Many important and, naturally, wealthy people were interred along this revered road in antiquity.

Money in the dirt

As you can imagine I was horrified to read this, so I decided to do some preliminary investigation.

Well, that surface didn’t take too much scratching; the first person I asked replied, “Yes, it goes on all the time. There is a lot of money to be made”.

“Shouldn’t you hand these artefacts over to the relevant authorities?”

No, they do not give enough money. We can make much more selling these things ourselves. Anyway, they (the authorities) only take them, give us little money, then sell these things themselves for lots of money.”

My head was spinning with the realization this was clearly a clandestine industry, methodically enacted when the archaeologists are not here.

Stuff of dreams

It was only then that I recalled the many conversations I have had with various waiters at the cafés which surround the Temple in which they only believed the archaeologists were “looking for gold”.
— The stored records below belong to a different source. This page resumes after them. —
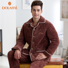多拉美睡衣男冬季加厚加绒珊瑚绒夹棉睡衣男士三层夹棉家居服套装
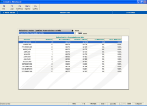 Em seguida, o sistema apresenta na grade de tela a informação por filial, contendo as informações de acordo com o relatório selecionado no leque de opções.
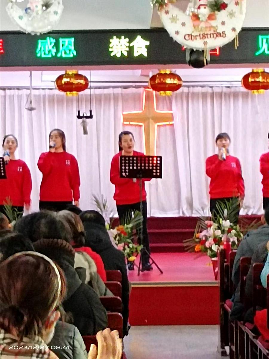 刚刚结束平安夜、圣诞节的火热聚会,绿化街教会的众肢体还沉浸在喜乐的恩典氛围中,今天,在月末和年末又迎来了赞美会。“用不住的赞美,用不住的感谢,将尊贵颂赞归给你天父。因你爱我无穷,因你爱我深广。我的主大能的膀臂将我来扶持,用测不透的爱永远爱我。我要一生跟随,我要一生献上。”圣乐响起,本堂孙月牧师带领七位身着火红色衣服的同工在圣台与会众一起开始了敬拜、祷告、赞美。

They thought they were here purely on a treasure hunt. Here to find and take gold. I treated such comments as yet another sign of their ingrained ignorance.

There is also a rumour which continues to shift in the mist of their childlike dreams that a farmer once unearthed so much ancient loot that “he now owns a big tourist boat”.
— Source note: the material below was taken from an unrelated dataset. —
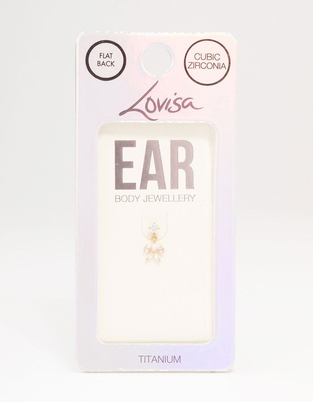 Gold Plated Titanium Cubic Zirconia Bow Flat Back

I presume the impoverished mind and pocket of this fool was trying to allude to a cruise liner. I have been told that story three times, by different waiters.

Nonetheless, here are open confessions that looting of an archaeological site is being actively perpetuated and no one, not a single soul in a position of authority, is doing anything about this.

I must admit I have always seen this town as a particularly disparate place, though one thing that will always unite it is a ravishing lust for money!